Community solidarity demonstrates support for each other

Kol Israel Arevim Zeh L’Zeh. All Jews are responsible for one another.   

I believe…that this value of the Jewish Federation, adopted from the Talmud, has been our north star, our compass at this time. As articulated by Yehuda Kurtzer, president of the Shalom Hartman Institute Sapir podcast: “Maybe we retrieved something that was deep that we had felt was that many of us have felt was lost…which was the intrinsic sense of solidarity between Jews in different parts of the world when other Jews are suffering. That’s the baseline. The lowest level of what peoplehood solidarity means when you’re suffering. I grieve with you.”  

Despite the cold, about 300 people gathered at the Legislature grounds Wednesday evening. They showed their solidarity with the global call for the release of now 224 confirmed hostages in Gaza. We had elected officials stand with us, including city councillors, MLAs, and Mayor Amarjeet Sohi. (MPs were sitting in the House of Commons in Ottawa). Our rabbis brought us comfort, and community leaders and volunteers read out the name and age of each hostage. In my remarks, I said that we refuse to see each as a statistic. Each person has a story, and the humanity of each person must continue to be recognized. We must continue to demand “Let my people go”, and advocate for our politicians to continue to exert pressure.   

Locally, we continue to take care of one another, because despite the worrisome news that we see taking place across North America, we know that the Jewish people will prevail. That ‘Am Yisrael Chai’ means “the Jewish People Live” and that leaning into our community is not only comforting, but also empowering. We are sponsoring Monday's Challah Bake and have partnered with Talmud Torah for drop-in times for young families on Sunday mornings with Shalom Baby. We have also enhanced PJ Library activities. Jewish Family Services is launching new workshops and additional counselling hours.   

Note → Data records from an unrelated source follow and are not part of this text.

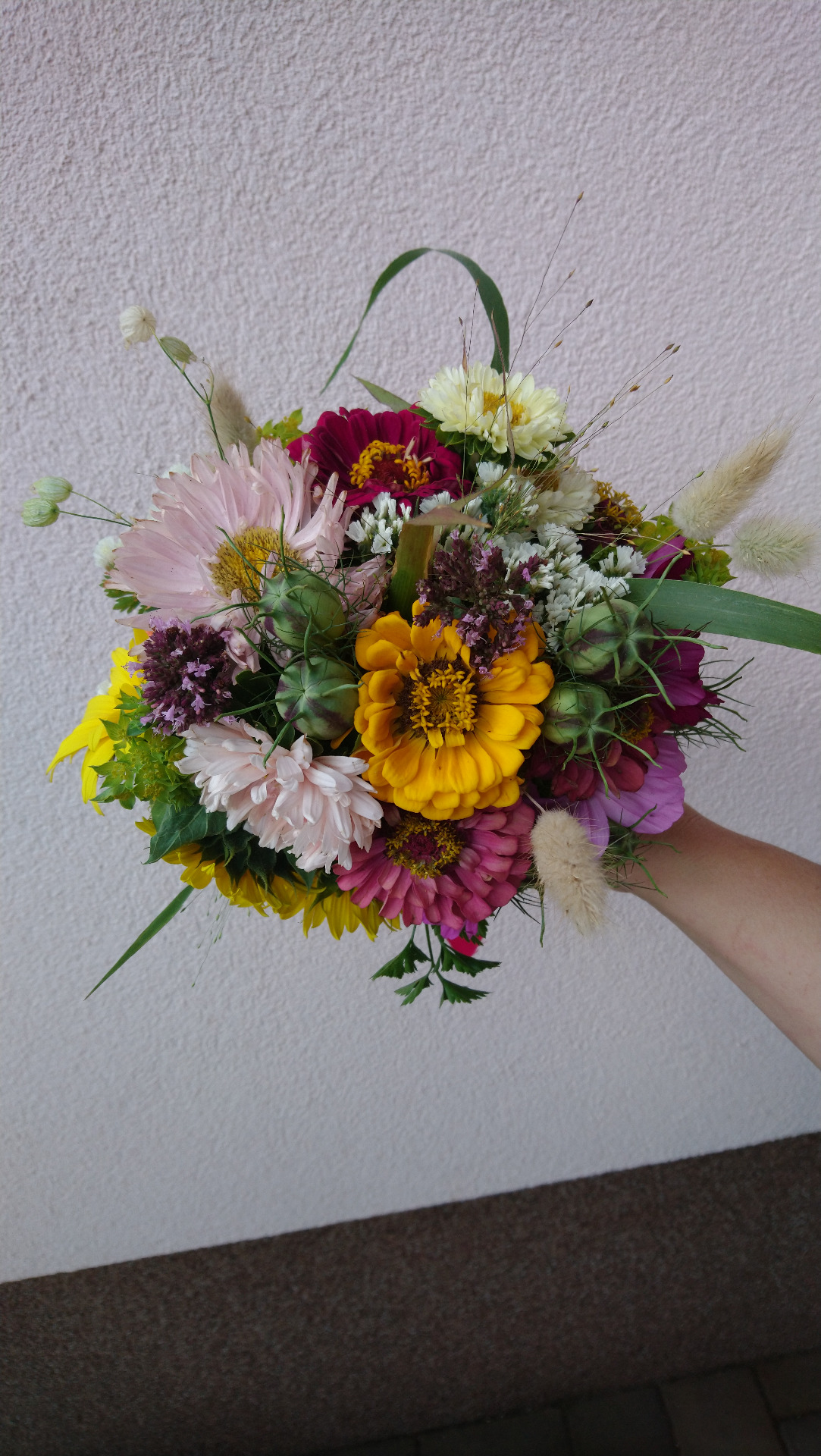 Kytice vážeme pouze z toho, co vyrostlo u nás v záhonech nebo na rozkvetlých loukách a keřích okolo našeho hospodářství. Stylem hospodaření podporujeme na našich pozemcích druhovou rozmanitost a biodiverzitu.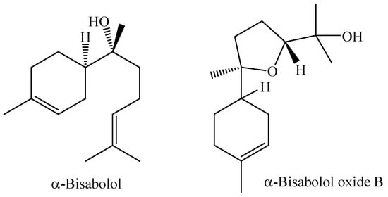 - Ramazani, E.; Akaberi, M.; Emami, S.A.; Tayarani-Najaran, Z. Pharmacological and Biological Effects of Alpha-Bisabolol: An Updated Review of the Molecular Mechanisms. Life Sci. 2022, 304, 120728. [Google Scholar] [CrossRef] [PubMed]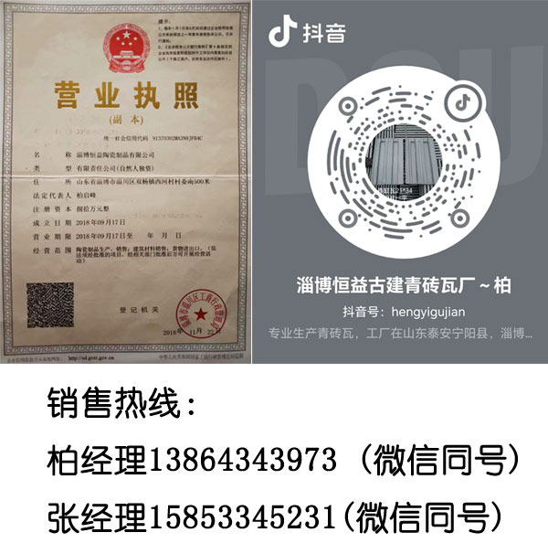 淄博恒益陶瓷制品有限公司位于山東淄博建陶工業(yè)園,有悠久的陶瓷生產歷史,豐富的陶瓷原料資源,交通便利,出門即是205國道,產品繼承傳統(tǒng)工藝生產,并獲得非遺傳承人,產品制作精良,古香古色,健康環(huán)保,經1100度高溫燒成,不褪色。特別是運用了現代真空抽制技術,更是增強了產品的內在和外觀質量,強度更高,密實度更強。廣泛使用于園林,別墅,景觀的建造,日漸成為仿古建筑的主力軍。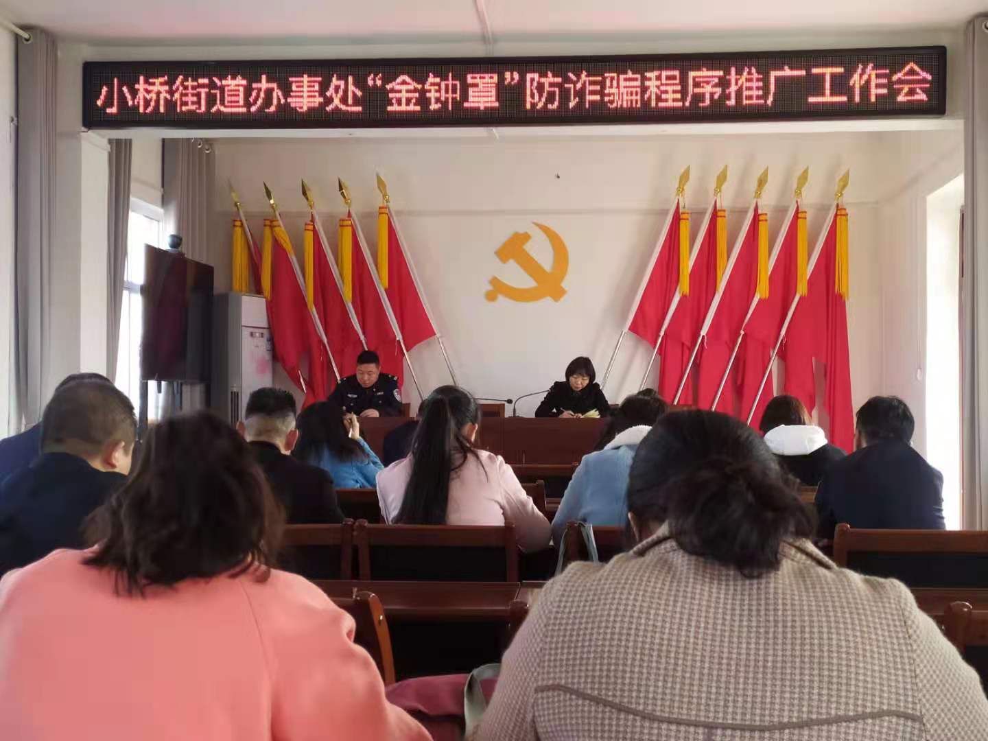 堅(jiān)持宣傳發(fā)動(dòng),高效率推廣應(yīng)用。辦事處采用“線上+線下”“集中+流動(dòng)”的方式,形成鋪天蓋地的宣傳推廣高潮。一是采取現(xiàn)場(chǎng)講解、發(fā)放反電詐宣傳手冊(cè)、擺放宣傳海報(bào)等多種形式以案說(shuō)法;二是社區(qū)黨員、網(wǎng)格員和派出所民警通過(guò)進(jìn)小區(qū)、進(jìn)庭院、進(jìn)企業(yè)、進(jìn)學(xué)校、進(jìn)銀行等現(xiàn)場(chǎng)推廣演示“金鐘罩”小程序的使用,手把手教會(huì)群眾注冊(cè)“金鐘罩”,“零距離”向群眾宣傳防范電信網(wǎng)絡(luò)詐騙知識(shí);三是在轄區(qū)主要街道、廣場(chǎng)、小區(qū)等懸掛防范電信詐騙宣傳標(biāo)語(yǔ);四是利用沿街門(mén)店LED屏滾動(dòng)播放反電詐宣傳標(biāo)語(yǔ);五是通過(guò)公眾號(hào)、微信群宣傳《致轄區(qū)群眾一封公開(kāi)信暨推廣安裝“金鐘罩”小程序》。日均出動(dòng)宣傳流動(dòng)車(chē)2輛,攜帶宣傳小喇叭16個(gè),累計(jì)發(fā)放防詐騙宣傳頁(yè)6000余份,懸掛宣傳條幅110條,擺放宣傳展板30多塊。

In our office, we continue to support Hillel and students on campus navigating through issues and speaking with administration. We met with Edmonton Public School officials where we discussed students’ experiences and talked about areas of concern, furthering our relationship and open communication channels. We hope that this will cause better consultation with one another as we navigate this time. Edmonton Police Service, in multiple departments, is continually updated and they are ensuring the safety of our community. This work is essential and made possible through your United Jewish Appeal (UJA) donations. You still have time to donate to this year's campaign.

Many of you have engaged with our partnership region in Israel over the last 20 years. Along with the coast-to-coast CEOs, I spoke with Jewish Federations of Canada Director General Sarah Mali and our Partnership Director Meytal Novidomsky this week. They have been working around the clock to assist in logistics and assessing needs for our allocations. Meytal has two young kids of her own, and left Metula thinking it would be a few days before she returned. It is now three weeks, and the government has said that the evacuated communities will continue until December 31. Metula has 60 people left behind. Kiryat Shmona has evacuated 22,000 residents. Kibbutzim and Moshavim that populate the region are evacuated. With over 200,000 displaced residents across the country, the needs for mental health support, food, clothing, respite, and some facsimilia of schooling are staggering.   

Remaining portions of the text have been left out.